Fair Labor Standards Act (FLSA)
Employers with workers paid at or near the FLSA-imposed minimum wage should consider the law’s possible impact on payroll-deducted benefit plan designs. FLSA generally blocks an employer from requiring deductions from an employee’s wages if the deduction would reduce a worker’s hourly wage to less than the required legal minimum.
Certain deductions reducing the employee’s wages below minimum are allowed. For example, tax deductions and employee benefits costs - when voluntarily approved - may reduce an employee’s pay below the minimum wage. So, if the employee signs an employment agreement acknowledging that he must be a part of the company’s group health plan and will be responsible for paying his or her portion of the premiums through payroll deduction, then the individual has (at least arguably), contractually consented to wage withholding in a manner that may satisfy FLSA standards.
Also, remember that if an employer pays 100 percent of the employee’s health insurance contribution (thereby providing free coverage), FLSA concerns about authorized wage withholding disappear because the employer is not forcing the individual to use wages to pay for the health coverage.
Employers may need to consider the implications of mandating coverage if participants articulate specific moral objections to receiving such coverage. There are a number of court cases that examine employer obligations to honor reasonable objections to employment policies based on religious grounds. In such situations, the employer should document the objection, and weigh the consequences of enforcing the coverage mandate versus the possibility of defending a religious discrimination claim. (Obtaining legal counsel is advisable.)
Note that ACA’s individual mandate includes an exception shielding the taxpayer from penalty assessment when the person validly asserts a religious objection to holding the coverage.

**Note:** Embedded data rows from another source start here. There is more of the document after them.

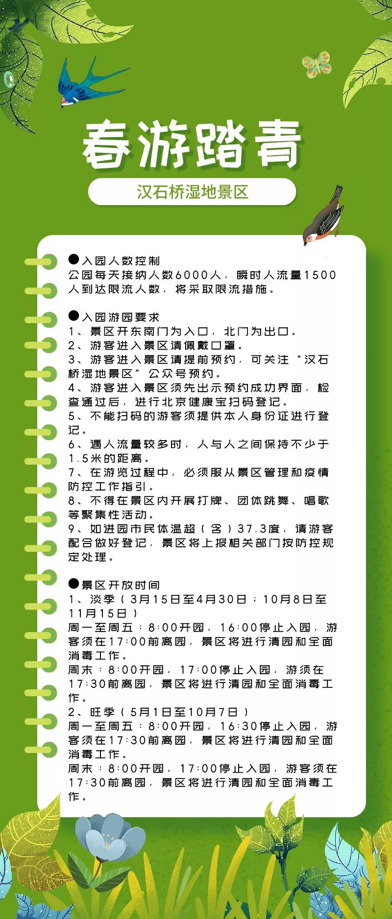 汉石桥湿地景区于 2021年3月15日(周一)有序恢复开园。
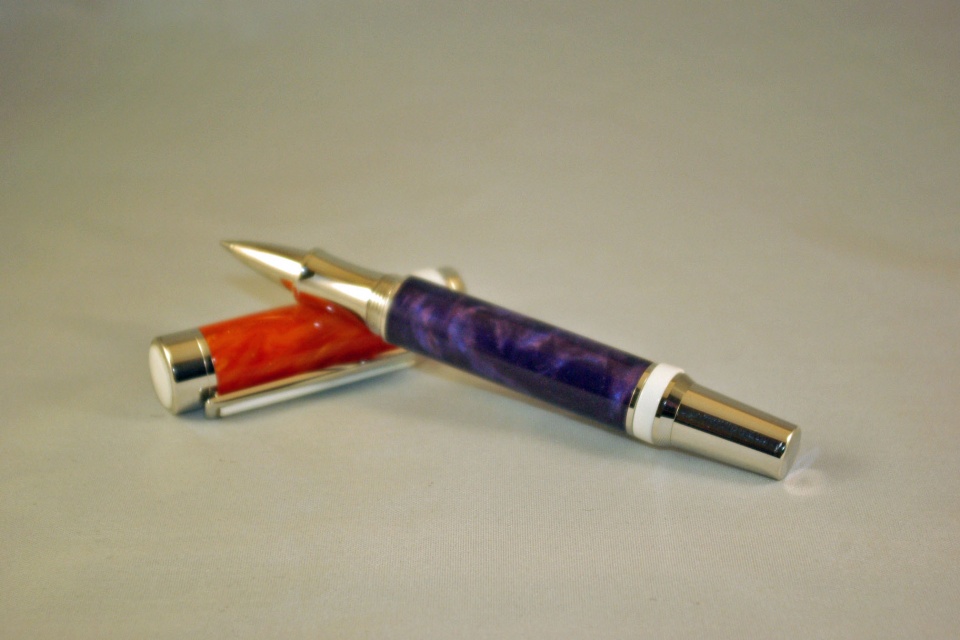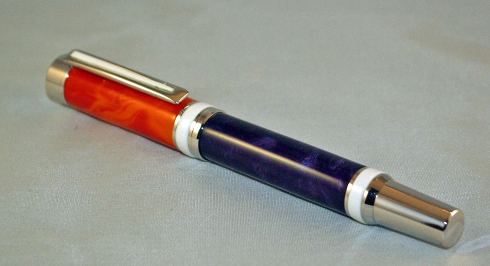 With the Carolina Clemson game coming up I decided to see what I could come up with. I got the kit from Timberbits, the orange blank from Roy, it was gifted to him from Brooks then he gifted it to me, the purple came from Rhinoplastic, the white came from exotics. originally the was going to be orange with purple accents but one of the orange tubes blew out so I had a design change. The orange was reverse panted orange and the purple was reverse painted purple.
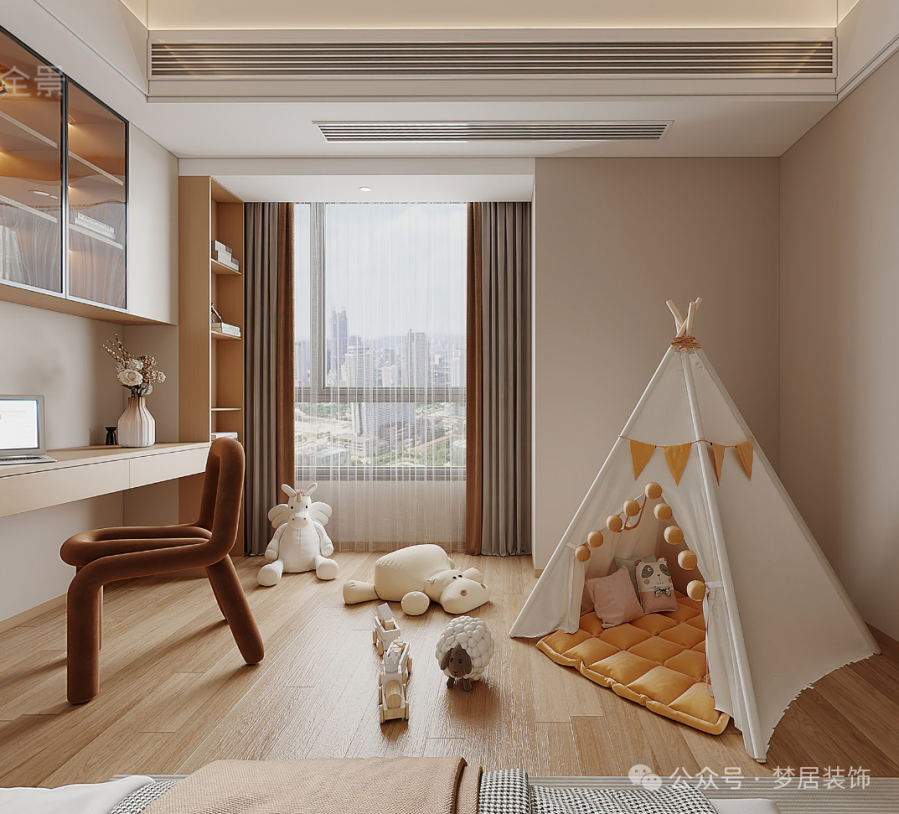 可愛的掛畫、玩偶,增加房間的自然感和趣味性,增加空間的質感和氛圍。既能起到裝飾作用,又能激發(fā)孩子的想象與熱愛。設置的開放式格子與收納柜,既方便孩子拿取物品,又使房間整潔有序。

An employer’s mandatory health insurance participation requirement may inadvertently trigger ERISA’s reporting and disclosure duties. The change to compulsory coverage requires an employer to issue a Summary of Material Modification (“SMM”) on an accelerated basis; an employer would have 60 days from the date the plan change was adopted to distribute an SMM explaining the change. Moreover, the employer will eventually have to add the change to the plan’s Summary Plan Description (SPD).

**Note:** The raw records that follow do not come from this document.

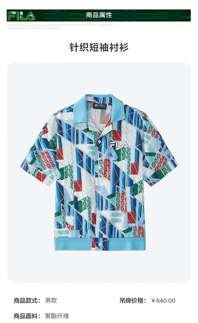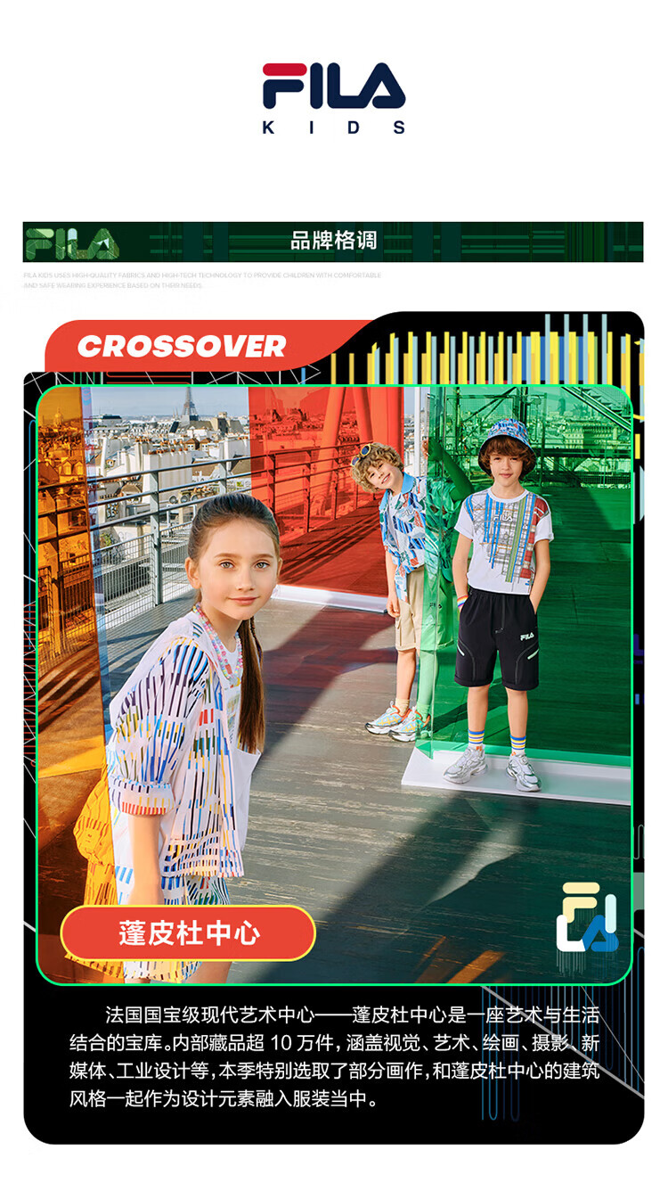Fila x Pompidou Center Fila Children's Clothing Children's Shirt New Men's and Large Children's Casual Short-Sleeved Tops Full Print One-ZA 150 cm
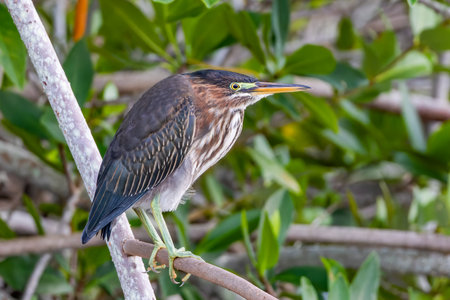 A juvenile green heron on a branch at the wetland with lush greenery in the background in early summer on a sunny morning
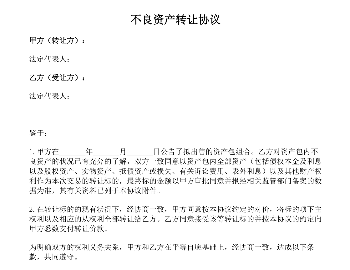| 不良资产转让协议当前您所在的位置:首页 > 管理 > 并购重组 > 不良资产处置

Of course, under circumstances where the employer is seeking to mandate coverage, notifying the workforce in advance, offering plenty of lead time, and communicating accurate information about the plan changes can only help the employer. Many organizations opt for a simple memorandum outlining the changes and highlighting the timing involved with transitioning the plan to a mandatory coverage rule, and adding specific consensual wording to the enrollment form above the employee’s signature block.
Mandatory health plan participation demonstrates how a variety of different applicable laws must be taken into account when considering plan design changes. And even beyond compliance with a hodge-podge of such laws, plan sponsors will also want to consider other factors, including labor relations and employee morale issues that may stem from any significant plan redesign.